Could you give the data that follows again exactly, without its pictures?

**Input data:**
==========

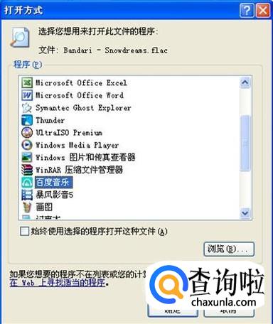 我们双击其中一个文件,现在不能直接打开了,但会弹出一个对话框,我们在中间的程序列表里找一找,看能否找到一个音乐播放器。如果有,就点一下它,再把下面的“始终使用选择的程序打开这种文件”前打钩,再点击下面的“确定”。
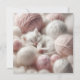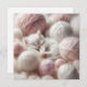 Pequeno gatinho branco doce dormindo em bolas de fio rosa e branco. Desejando-lhe um dia perfeito. Cartão de amizade de giz.
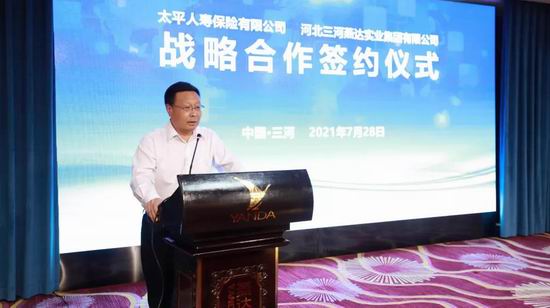 三河市燕郊高新區(qū)黨工委書記、管委會主任崔浩泉在致辭中表示:兩大集團(tuán)的攜手,是優(yōu)勢互補(bǔ)、強(qiáng)強(qiáng)聯(lián)合,將推動燕郊經(jīng)濟(jì)高質(zhì)量發(fā)展,將壯大燕郊醫(yī)療健康產(chǎn)業(yè)規(guī)模、延伸產(chǎn)業(yè)鏈條,將促進(jìn)燕郊健康產(chǎn)業(yè)與保險產(chǎn)業(yè)的良性互動,提升燕郊醫(yī)療健康產(chǎn)業(yè)整體水平。希望雙方精誠聯(lián)合、精準(zhǔn)對接,開展多層次、多領(lǐng)域的深度合作,共創(chuàng)更加輝煌的明天。
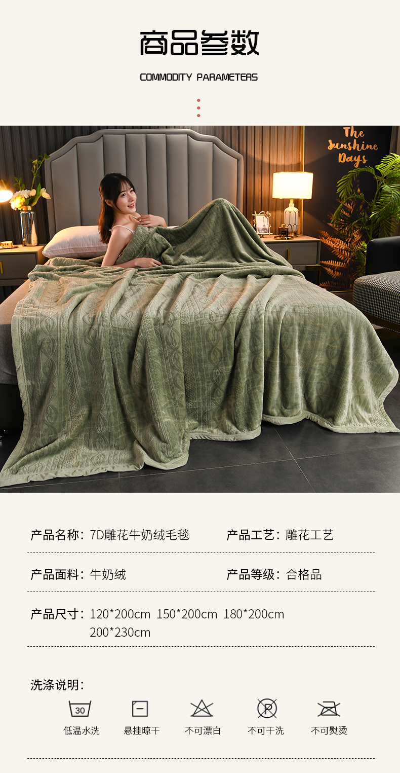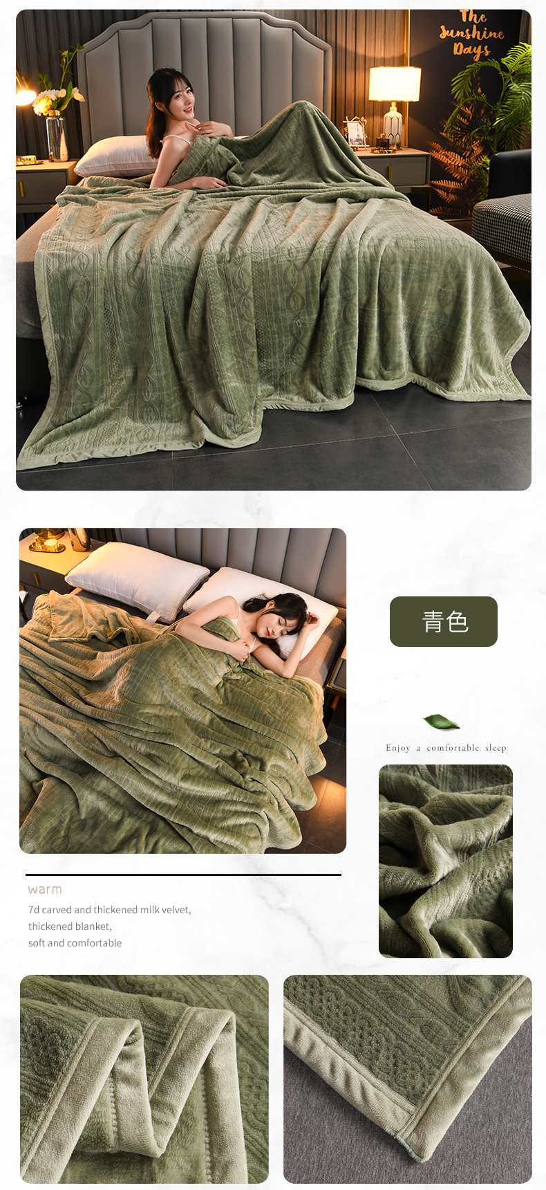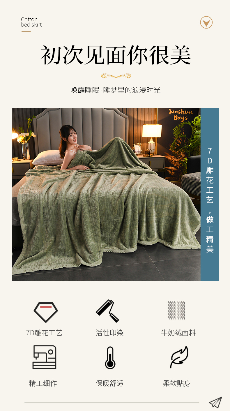 商品名称:小牛席业 2025新款7D雕花牛奶绒毛毯 青色
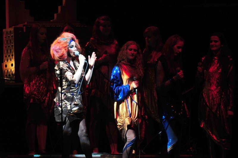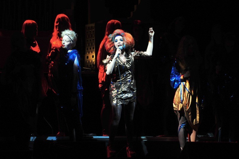 Puntualmente a las 21:30 horas Björk apareció con una gran peluca naranja y un vestido metálico. Junto a ella casi veinte coristas del grupo Graduale Nobili, el baterista/percusionista Manu Delago y Max Weisel, músico a cargo de los teclados y sintetizadores, quienes ocuparon sus lugares en el escenario que también contó con cinco pantallas en las que desfilaron hipnóticas imágenes (desde microscópicas células hasta el infinito del universo), muy importantes desde el inicio con «Cosmogony».
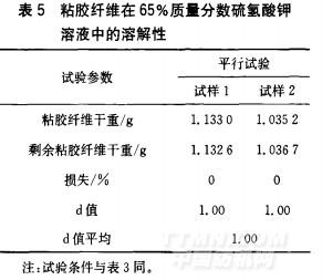 粘胶纤维在65%质量分数硫氢酸钾溶液中的溶解情况如表5所示。
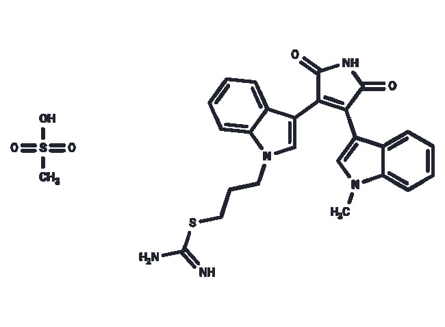 Also available in 1 mg 2 mg 5 mg 25 mg 50 mg 100 mg 1 mL 10 mM (in DMSO) and bulk. Please contact Fisher for quotes. Ro 31-8220 Mesylate (Bisindolylmaleimide IX mesylate) is a pan-PKC inhibitor for PKC-(alpha)/(beta)I/(beta)II/(gamma)/(epsilon) (IC50 5/24/14/27/24 nM) and also shows potent inhibition against MSK1 MAPKAP-K1b S6K1 and GSK3(beta). purity: 99%
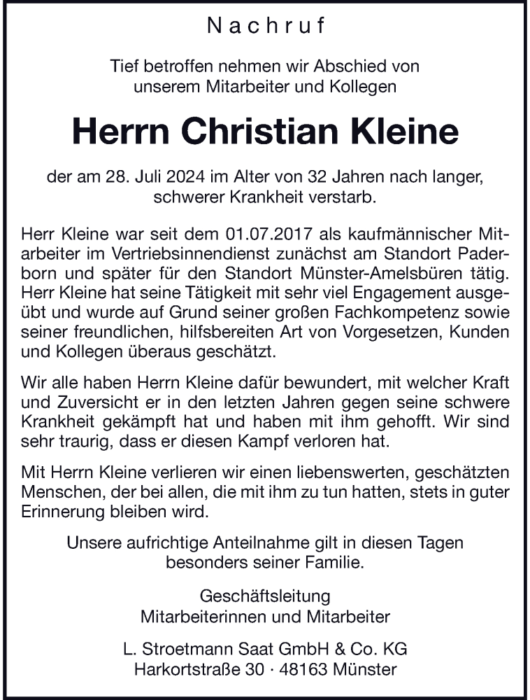 Hier finden Sie alle Traueranzeigen aus der Zeitung, die bisher für Christian Kleine erschienen sind. Weitere Traueranzeigen, die in der Zeitung erscheinen, werden hier ebenfalls aufgelistet

==========

**Task output:**
 我们双击其中一个文件,现在不能直接打开了,但会弹出一个对话框,我们在中间的程序列表里找一找,看能否找到一个音乐播放器。如果有,就点一下它,再把下面的“始终使用选择的程序打开这种文件”前打钩,再点击下面的“确定”。
 Pequeno gatinho branco doce dormindo em bolas de fio rosa e branco. Desejando-lhe um dia perfeito. Cartão de amizade de giz.
 三河市燕郊高新區(qū)黨工委書記、管委會主任崔浩泉在致辭中表示:兩大集團(tuán)的攜手,是優(yōu)勢互補(bǔ)、強(qiáng)強(qiáng)聯(lián)合,將推動燕郊經(jīng)濟(jì)高質(zhì)量發(fā)展,將壯大燕郊醫(yī)療健康產(chǎn)業(yè)規(guī)模、延伸產(chǎn)業(yè)鏈條,將促進(jìn)燕郊健康產(chǎn)業(yè)與保險產(chǎn)業(yè)的良性互動,提升燕郊醫(yī)療健康產(chǎn)業(yè)整體水平。希望雙方精誠聯(lián)合、精準(zhǔn)對接,開展多層次、多領(lǐng)域的深度合作,共創(chuàng)更加輝煌的明天。
 商品名称:小牛席业 2025新款7D雕花牛奶绒毛毯 青色
 Puntualmente a las 21:30 horas Björk apareció con una gran peluca naranja y un vestido metálico. Junto a ella casi veinte coristas del grupo Graduale Nobili, el baterista/percusionista Manu Delago y Max Weisel, músico a cargo de los teclados y sintetizadores, quienes ocuparon sus lugares en el escenario que también contó con cinco pantallas en las que desfilaron hipnóticas imágenes (desde microscópicas células hasta el infinito del universo), muy importantes desde el inicio con «Cosmogony».
 粘胶纤维在65%质量分数硫氢酸钾溶液中的溶解情况如表5所示。
 Also available in 1 mg 2 mg 5 mg 25 mg 50 mg 100 mg 1 mL 10 mM (in DMSO) and bulk. Please contact Fisher for quotes. Ro 31-8220 Mesylate (Bisindolylmaleimide IX mesylate) is a pan-PKC inhibitor for PKC-(alpha)/(beta)I/(beta)II/(gamma)/(epsilon) (IC50 5/24/14/27/24 nM) and also shows potent inhibition against MSK1 MAPKAP-K1b S6K1 and GSK3(beta). purity: 99%
 Hier finden Sie alle Traueranzeigen aus der Zeitung, die bisher für Christian Kleine erschienen sind. Weitere Traueranzeigen, die in der Zeitung erscheinen, werden hier ebenfalls aufgelistet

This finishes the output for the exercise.